Me with my lovely wife, Kathy:

Monday, May 21, 2012

Some percolations on prejudice:

As a 62 year old, with roots in the South who grew up in the Suburban North, and has lived his adult life in the small-town (barely) South, I have observed a variety of positions in matters related to prejudice.  Historically, in America, prejudice has had to do with skin color, what is wrongly called race. I say "wrongly" not only because of the information in the above article, or this one  which states that has been abandoned "as a biological category during the last quarter of the twentieth century," but, more so, because of my own unscientific observation.  President Obama is our "first Black President," yet his mom is Caucasian.  The same observation can be made in regard to the parentage of Halle Berry, Tiger Woods, and by-and-large the whole so-called "Latino" race.  The fact is racial labels are placed on people because of social, political, and geographic reasons.  Especially in places like America with our melting-pot history these distinctions have little if any relation to genetic reality.  (That is not to say, however, that such things have no reality.  The point of my musings is that unfortunately they do.)
Some of you have heard me tell about my personal acquaintance with the proximity in American history of radical segregation and exemplary racial egalitarianism.  I was helping a sweet older lady get through the horribly slow passage of time while her husband was in surgery.  Knowing she was interested in antiques, and things related to the Civil War, I told her about a gun I had seen a few days before (here is a picture of the type of gun or one similar).  Mrs. Rice got quiet for a moment and then said, "I think cousin so-n-so has Daddy's Civil War gun.  I was having this conversation more than a-hundred years after the surrender at Appomattox, so I assumed either she said "Daddy," but meant "grand"--or even "great-grand daddy," or that she meant "Daddy's gun" in the sense that he had inherited, or bought it somewhere along the line.  Over the next few minutes however, I probed and questioned a bit, and soon came to the startling realization that I was sitting with a true Daughter of the Confederacy.  I never did check, but she had to be one of the last living examples.  Her dad was one of the boy-soldiers who fought for the Confederacy at the end of the War.  He came home, and raised a family.  At some point his wife died.  He remarried, a much younger bride and raised a second family.  Frances was the youngest child of that brood.  Some quick arithmetic led to me realize just how close the war between the states was.  Is it any wonder that during my lifetime we had still been living down, and pushing back on the gross injustices that stemmed from a culture in which one group of people were bought, owned, and sold by another group.  This ongoing issue comes, in large part, from the fact that whether one descended from slave or master is largely clear by the color of ones skin.
A few years later the chairman of our local Democratic Party, a friend of mine and member of the church I pastor, asked me if I would deliver the invocation at a political event.  Mark Warner, current senator from Virginia, was beginning his run for governor of the Old Dominion.   We met on the courthouse steps passed pleasantries and shook hands.  I make an assumption here.  Mark Warner plays basketball.  I figure that at some point in the last few years he has been on the court with our hoop-shooting President.  So, I put my left arm around the shoulders of, and prayed with, a lady whose father fought in the Civil War--a conflict that at the least, had to do with enslavement of people from Africa who had been transported to America-- and with the other hand I shook hands with a man who plays basketball with the first African-American President of the United--a union made secure by the result of that war--States.
Taking the word at its simplest, to judge before, is it any wonder that throughout the past century,  and into this one, many Whites look at people of African extraction, and Black people look at Whites and make up their mind about them before they know anything other than their skin color?
It is explainable, but it is without excuse.  

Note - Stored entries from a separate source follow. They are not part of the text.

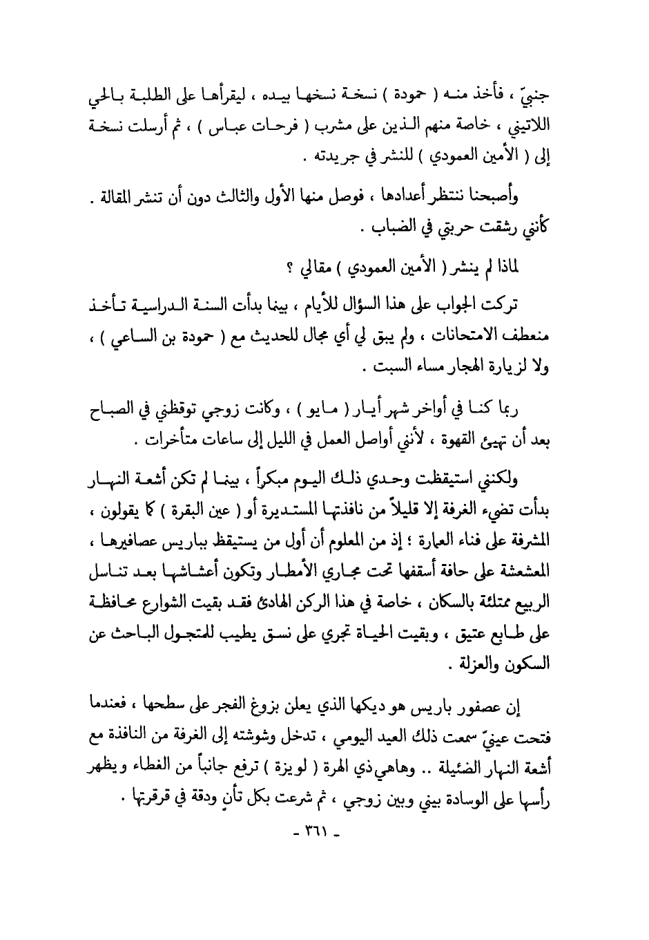 ولكنني استيقظت وحدي ذلك اليوم مبكراً، بينما لم تكن أشعة النهار بدأت تضيء الغرفة إلا قليلاً من نافذتها المستديرة أو (عين البقرة) كما يقولون، المشرفة على فناء العمارة؛ إذ من المعلوم أن أول من يستيقظ بباريس عصافيرها، المعشعشة على حافة أسقفها تحت مجاري الأمطار وتكون أعشاشها بعد تناسل الربيع ممتلئة بالسكان، خاصة في هذا الركن الهادئ فقد بقيت الشوارع محافظة على طابع عتيق، وبقيت الحياة تجري على نسق يطيب للمتجول الباحث عن السكون والعزلة.
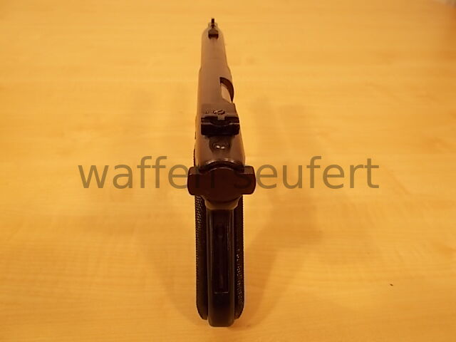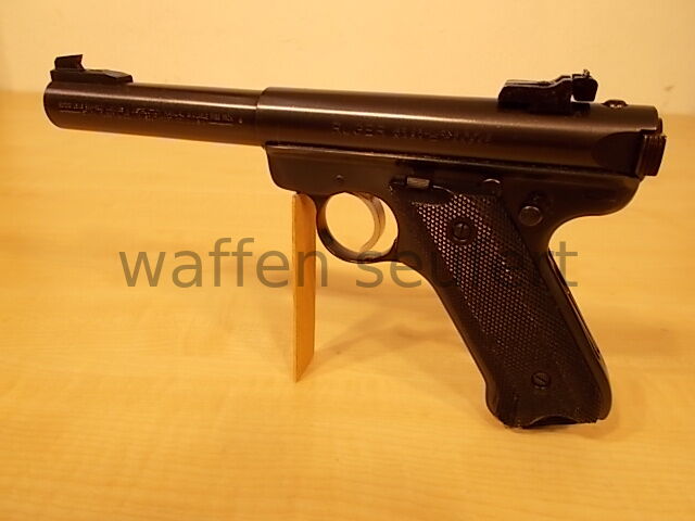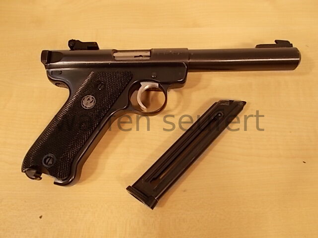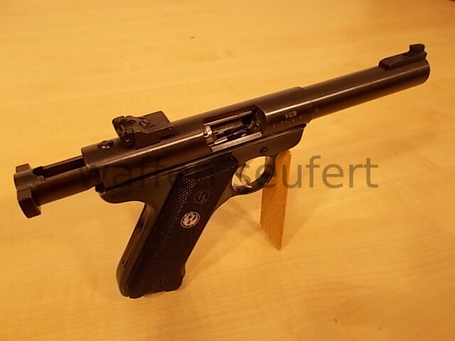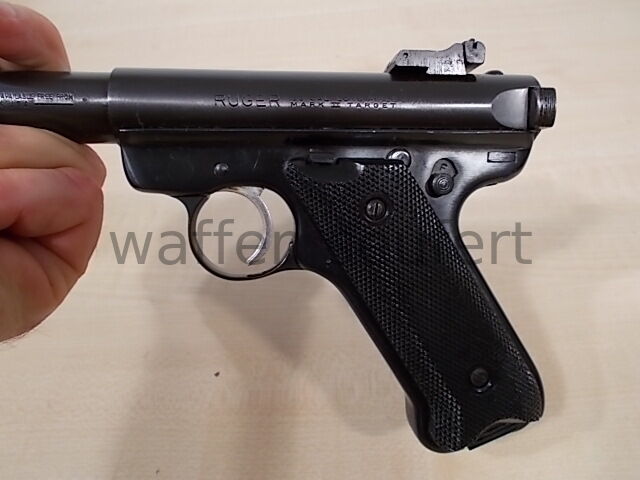 Ruger Mark II Sportpistole. Die berühmte Scheiben- und Silhouetten-Pistole vom amerikanischen Qualitätshersteller Ruger. Preisgünstige Sportpistole und Trainingspistole für 08 Ordonanzschützen. Eine der wenigen Sportpistolen noch in klassischer Pistolenform dadurch auch als präzise Jagdpistole für die Fallenjagd geeignet. Spiegelblanker Lauf, Züge und Felder scharfkantig. Präzise Ausführung von 1989. Das schräge Griffstück wurde der 08 Großkaliberpistole nachempfunden. Dadurch auch sehr gut als Trainingspistole von 08 Schützen im preisgünstigen 22er Kaliber einsetzbar. Besonders robust und zuverlässig. Der schwere 5,5“ Bull Barrel Lauf (Ø 20 mm) wirkt wie ein Laufgewicht und unterstützt ein ruhiges, gleichmäßiges Schießen. Brünierte Ausführung mit Targetvisierung, Kimme in Höhe und Seite fein einstellbar und hohes Balkenkorn. Mit Schlittenfanghebel, Sicherungshebel, breitem Abzugszüngel mit Triggerstopschraube und 10 Schuss Einsteckmagazin. Griffschalen aus schwarzem Hartgummi mit vollflächig geprägter Fischhaut für einen sicheren Griff. Gepflegter sehr guter Zustand. Mit Ersatzmagazin, Orig. Bedienungsanleitung und Orig. Verpackung. Kaliber: .22lr (.22LfB). Beschuss: Mellrichstadt 1989. Visierline ca: 20,3 cm. Lauflänge ca: 14,2 cm. Maße ca: 24,5 x 13,5 cm. Gewicht ca: 1,17 kg. Zum Kauf dieses Produkts ist die Vorlage der Erwerbsberechtigung erforderlich!
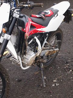 最初のヒルクライムのみ、ラインを読み間違い路面状態の悪いところを通ったため転んでしまいましたが、翌周以降はちゃんと登って降りられましたよ。雨が降っても、関東ローム層のようにヌタヌタにはならないので以外と走りやすいのです。でもロックセクションではなくとも尖った火山岩がゴロゴロしているのはビビリますが。
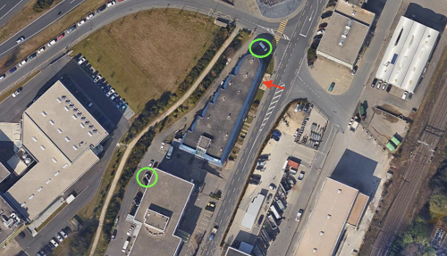 En chargeant Google Maps, vous autorisez la configuration de cookies d'analyse et le stockage de votre adresse IP sur les serveurs de Google. Politique de confidentialitéEntrée (en rouge) et places de park (en vert)
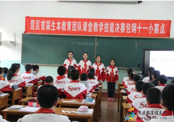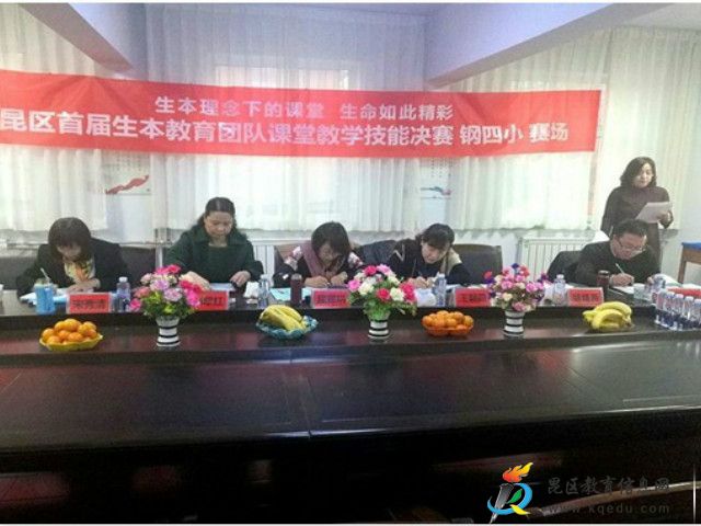 为了营造良好的生本实验研究氛围,践行“教—学—评”一致性的教学策略,进一步推进生本教育的研究进程。2016年12月初,昆区教研中心成功举办了“昆区首届生本教育团队课堂教学技能大赛决赛”。 教研中心屈丽明副主任和其他六位来自生本实验校的领导作为评委,依次在包钢十小、包钢十一小、钢四小、包钢九中实验校比赛赛点,对15个生本团队进行了公正的量化评分及精彩的现场点评和专业的研究指导。
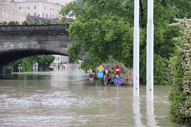 The flood in Linz June 2013 Die zweite Jahrhundertflut in diesem Jahrhundert hat in Linz keine so katastrophalen Schäden angerichtet wie in anderen Orten und Städten. Optisch war das alles sehr eindrucksvoll und gewaltig. Da bin ich dann - wie so viele andere auch - selbstverständlich mit der Kamera ausgerückt und habe eine ganze Menge Fotos vom Hochwasser gemacht. Am 4. Juni 2013. Die Straße unter der Nibelungenbrücke
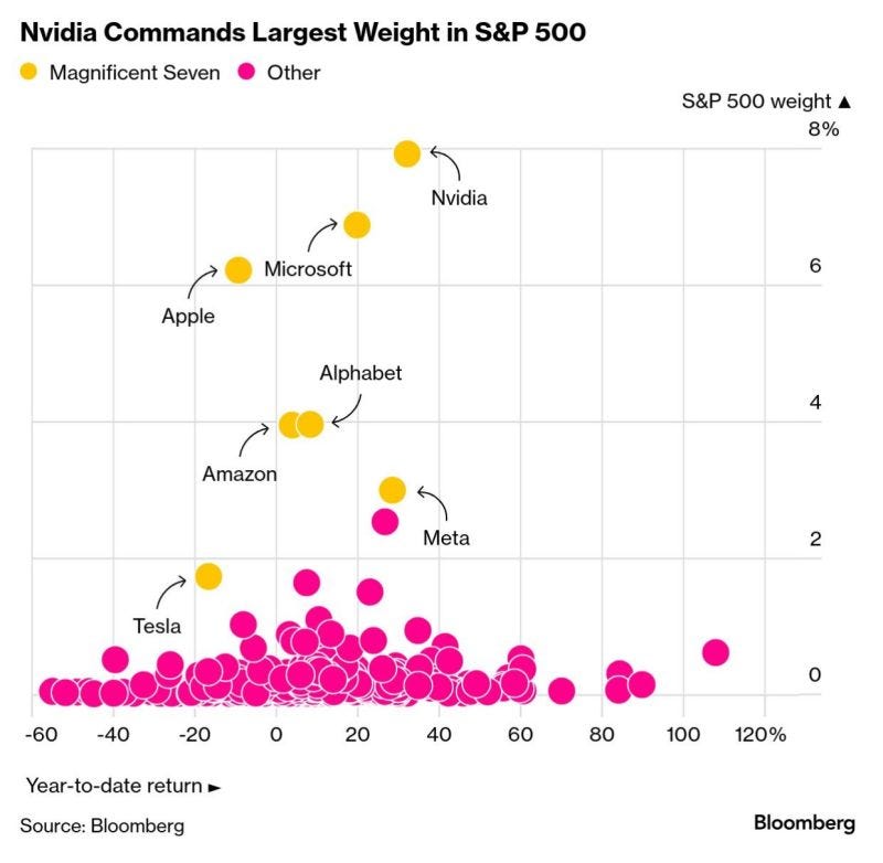 This is why the average investor thinks, “I don’t own Nvidia, I just own the S&P 500,” not realizing Nvidia is 8% of the entire index.
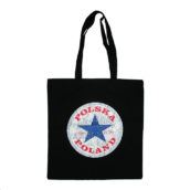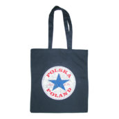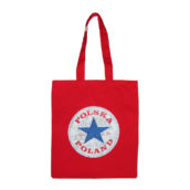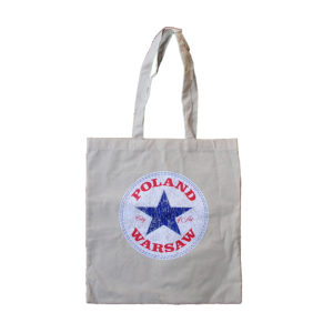 Bawełniana torba z nadrukowaną gwiazdą oraz napisami “Polska” i “Poland”.
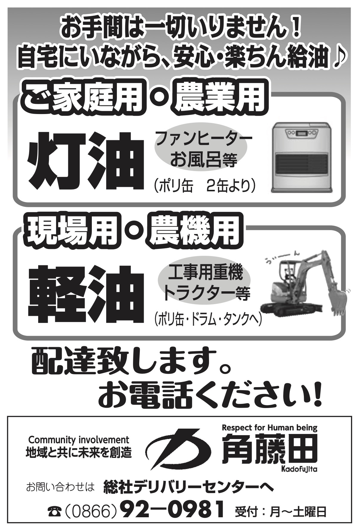 そんなこれからどんどん寒くなるシーズンにうれしい、自宅いながら安心・楽ちん給油株式会社 角藤田の“燃料配達”をぜひ、ご利用くださいね。 仕事の現場や農機用の軽油も配達してくれますよ!!
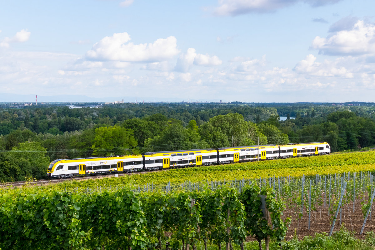 Desiro HC 1462 fährt oberhalb der Rheinebene in den Rebbergen zwischen Rheinweiler und Bad Bellingen Basel entgegen. 03.07.2020

The Bible gives clear input on the matter of pre-judging. 
“Do not judge according to appearance, but judge with righteous judgment.” (John 7:24, NASB)   
"Therefore do not go on passing judgment before the time, but wait until the Lord comes who will both bring to light the things hidden in the darkness and disclose the motives of men’s hearts; and then each man’s praise will come to him from God." (1 Corinthians 4:5, NASB)   
Proverbs says,  "To answer before listening— that is folly and shame. (Proverbs 18:13, NIV)


That's enough to chew on for now.  Prejudice is foolish and wicked.  Nuf-sed, for now.